Since the shift to electronic health records (EHRs) in the United States accelerated a decade ago, the day-to-day impact on doctors is staggering. To keep records current and useful, physicians have to ensure all records of patient interactions get recorded, meaning that a large chunk of their day is spent staring at a screen rather than taking care of their patients. Recent studies show that doctors may spend as much as half of their work day filling out the records of their interactions with patients.
“In an ideal world, physicians would just interact with patients,” Saykara founder and CEO Harjinder Sandhu told Forbes. “That’s what they want to do. They don’t want to type notes.”
His Seattle-based company’s solution is an app that records a doctor’s interactions with patients, using AI and machine learning to hone in on key points of the doctor’s side of the conversation and appropriately document on the EHR, leaving the doctor free to focus on the patient. A new update to Saykara software now passively records in office without requiring activation, making operation even easier for doctors, who previously had to start recordings manually.
Sandhu is a serial entrepreneur who successfully launched three companies operating at the intersection of health care and voice recognition software.
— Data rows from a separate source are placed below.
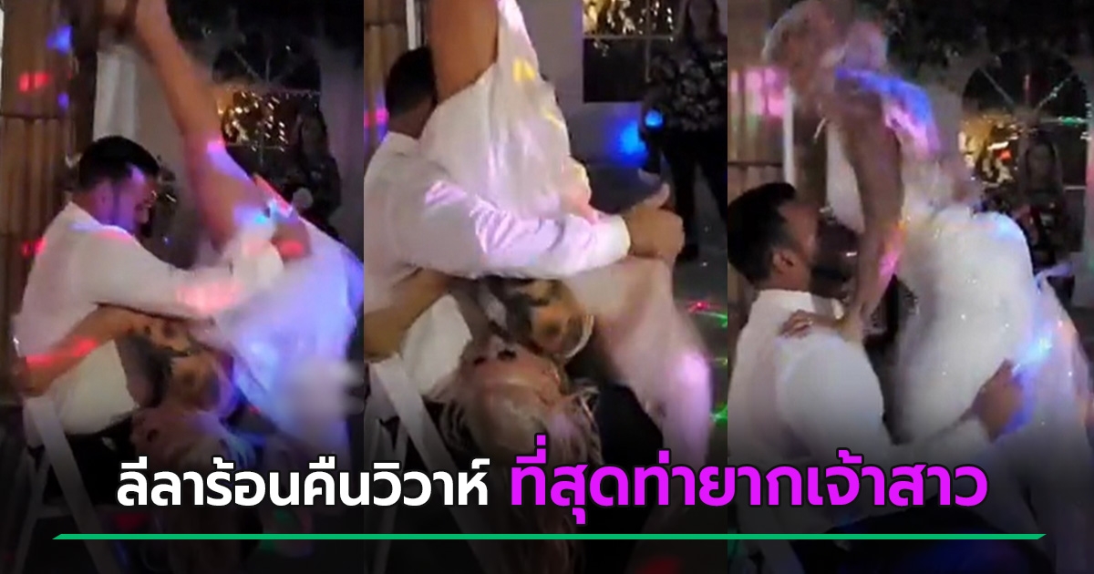 ที่สุดคืนงานแต่ง ลีลาเจ้าสาวแดนซ์ท่ายาก ตีลังกาฉีกขาเต้นบนตักเจ้าบ่าว แขกยืนร้องลั่น
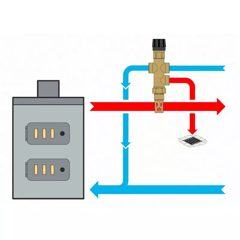 Zawór termostatyczny służy do schłodzenia kotła na paliwo stałe, bez schładzającego wymiennika ciepła. Zawór wyposażony jest w dwa poziomy dolny i górny. Dolny poziom ma za zadanie odprowadzenie gorącej wody z kotła, natomiast górny ma za zadanie wprowadzenie zimnej wody do źródła ciepła czyli do kotła w celu jego schłodzenia. Gdy temperatura osiągnie temperaturę otwarcia zostają otwarte oba poziomy jednocześnie. Dolny odprowadza gorąca wodę do kanalizacji, a górny uzupełnia ubytek woda zimną, powoduje to zrównoważenie ciśnienia w systemie.
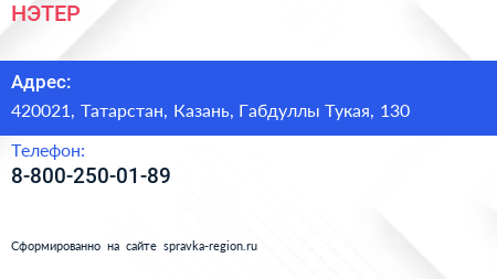 НЭТЕР по адресу 420021, Татарстан, Казань, Габдуллы Тукая, 130 в дальнейшем Организация, размещена в следующих категориях:
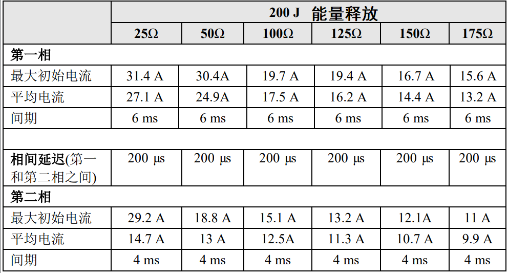 雙相波的第一相(或第二相)的初始峰值電流,初始峰值電壓,末端峰值電壓,末端峰值電流,每相放電時間,每相放電能量。雙相之間的相間延遲時間,每相的時間上升沿,時間下降沿等。

The former York University computer science professor launched MedRemote, a physician transcription software company, in 2000. Following its acquisition by Nuance Communications in 2005, Sandhu stayed with the company for six more years before cofounding Twistle, which helps doctors automate follow-up patient care. Saykara, launched in 2015, seems a logical next step in advancing healthcare-based software.
“A lot of physicians don’t like to spend time at the screen while their with their patients,” he says. “So they end up doing all their documentation in the evenings – so much time working leads to burnout.”
Sandhu’s goal for Saykara is ambitious – to create a completely seamless experience in which the sophisticated software extracts the relevant information from doctor-patient conversations without getting derailed by tangents. In the short-term, Saykara focuses on the voice of physicians as they actively listen to symptoms and repeat them back to their patients. Doctors must review each patient interaction transcribed by Saykara to ensure it’s accurate but even then, the company claims it’s reducing the time spent entering notes by as much as 70%.
This has allowed some of its customers to take on new patients, Sandhou says, and others to get their personal lives back. “One physician said he read a book for the first time in about four years since he now had his evenings free,” he told Forbes.
Saykara has believers, having raised $7.53 million from the likes of SpringRock Ventures, Elevate Innovation Partners and Madrona Venture Group, according to Pitchbock. Customers include Providence Health Care, MultiCare and others.
“We’re actually making a really big difference for physicians,” Sandhu said. “This is a really exciting field right now.”